Cuando llegaron a la sede del banco, situada en el edificio Calakmul, Cortés se quedó con la boca abierta. La construcción era imponente, un diseño moderno con fachada interior acristalada y exteriores de piedra blanca formando enormes círculos.
—¿Ve usted, compadre, porqué le llamamos la Lavadora? —le dijo el taxista.
Cuando Villoro detuvo el vehículo, Cortés se despidió de él ofreciéndole la mano de manera afectuosa.
—No deje de llamarme cuando necesite que lo lleve a algún sitio.
—Cuente con ello —le prometió el periodista.
***
«Este tío podría ser el topo —pensó Cortés observando al joven becario que tenía a su izquierda—; es más, ¡tiene que ser él!».
El periodista examinaba todo a su alrededor mientras degustaba unos deliciosos camarones con coco, acompañado de una docena de personas desconocidas hasta hacía cuatro horas escasas: todos trabajaban en el banco. Entre ellos estaba su cúpula comercial y financiera que, a su vez, no dejaba de escrutarlo. Se suponía que la misión que le habían encomendado era secreta, pero ya no estaba seguro después de todo lo que había visto esa mañana, durante las entrevistas que había llevado a cabo. Al poco de llegar, Cortés empezó a sentirse como un póster de Megan Fox en una cacharrería, al percibir cómo le escudriñaban los ojos de todos los presentes.
«Serán imaginaciones mías», se consoló.
El almuerzo lo había organizado el propio Pedro Campo desde la mansión del Maresme, que habló uno por uno con los comensales para asegurarse de que asistirían sus principales sospechosos junto a los responsables de otras áreas de la entidad.

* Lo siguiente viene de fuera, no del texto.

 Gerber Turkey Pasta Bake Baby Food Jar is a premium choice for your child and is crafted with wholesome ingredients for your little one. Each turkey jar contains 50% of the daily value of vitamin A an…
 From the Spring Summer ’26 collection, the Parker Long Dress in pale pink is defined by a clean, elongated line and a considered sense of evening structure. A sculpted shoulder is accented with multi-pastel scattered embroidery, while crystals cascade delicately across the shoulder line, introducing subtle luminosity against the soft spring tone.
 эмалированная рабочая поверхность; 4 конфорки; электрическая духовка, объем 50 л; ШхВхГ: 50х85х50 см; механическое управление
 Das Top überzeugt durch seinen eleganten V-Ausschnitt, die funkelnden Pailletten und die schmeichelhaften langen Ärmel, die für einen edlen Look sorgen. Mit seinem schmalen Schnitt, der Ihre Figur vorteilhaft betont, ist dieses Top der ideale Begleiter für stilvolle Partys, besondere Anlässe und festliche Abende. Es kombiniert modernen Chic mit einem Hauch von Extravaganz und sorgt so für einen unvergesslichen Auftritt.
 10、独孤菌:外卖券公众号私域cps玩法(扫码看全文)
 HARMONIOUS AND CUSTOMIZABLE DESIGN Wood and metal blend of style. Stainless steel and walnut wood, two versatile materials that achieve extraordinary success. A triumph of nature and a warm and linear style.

«A éstos entrevístales y sé amable, pero no pierdas el tiempo con ellos. El topo, por narices, está dentro de la dirección comercial, son los únicos que tienen acceso a la información filtrada a la competencia», le había advertido Campo minutos antes mediante mensajes de WhatsApp.

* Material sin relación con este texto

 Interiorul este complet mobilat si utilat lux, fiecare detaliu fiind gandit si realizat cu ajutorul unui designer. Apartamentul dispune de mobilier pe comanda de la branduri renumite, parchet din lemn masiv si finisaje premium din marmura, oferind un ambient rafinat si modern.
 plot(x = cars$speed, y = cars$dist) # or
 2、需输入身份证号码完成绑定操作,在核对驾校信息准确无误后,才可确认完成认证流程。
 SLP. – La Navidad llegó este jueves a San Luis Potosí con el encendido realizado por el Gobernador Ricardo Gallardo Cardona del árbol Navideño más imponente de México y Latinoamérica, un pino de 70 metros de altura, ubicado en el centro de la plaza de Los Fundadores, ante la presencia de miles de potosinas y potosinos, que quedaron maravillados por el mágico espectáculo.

Por lo menos, unos quince pares de ojos le habían estado observando durante toda la mañana como si fuera un bicho exótico.
La primera persona que le presentaron fue el arquitecto del edificio, quien le explicó su diseño con lujo de detalles. Fue inaugurado en 1997, y hacía alusión a la antigua y majestuosa ciudad maya de Calakmul, en el estado de Campeche, ya que cada uno de los elementos que lo conformaban era la imagen de una deidad. Entusiasmado, Agustín Hernández le comentó que transmitía un simbolismo fabuloso:
—El cuadrado es la tierra y el círculo, el cielo —le indicó el arquitecto mientras Cortés se ponías las gafas para que no le deslumbrara el sol, que empezaba despuntar detrás de las nubes—. Son símbolos que han existido a través del tiempo y el espacio: en la época de Zoroastro, en los países islámicos, entre los mayas, los chinos, los aztecas, etcétera. Es increíble la abstracción de esa unidad; en ese edificio, a veces, parece que hay una esfera dentro de un cubo —remarcó fascinado ante la inexpresiva mirada de Cortés.
—Muy bonito —contestó él—. Imponente, el edificio. —«Pero yo no he venido a que me den una lección de arquitectura, sino a centrarme en mis pesquisas», pensaba a la vez que asentía con la cabeza.
Por último, el arquitecto le mostró los numerosos premios que había recibido el edificio.
En ese momento, apareció el country manager, que parecía estar buscando a Cortés, y cuyo rostro se iluminó al verlo.
—Hombre, estaba usted aquí —le dijo abriendo los brazos.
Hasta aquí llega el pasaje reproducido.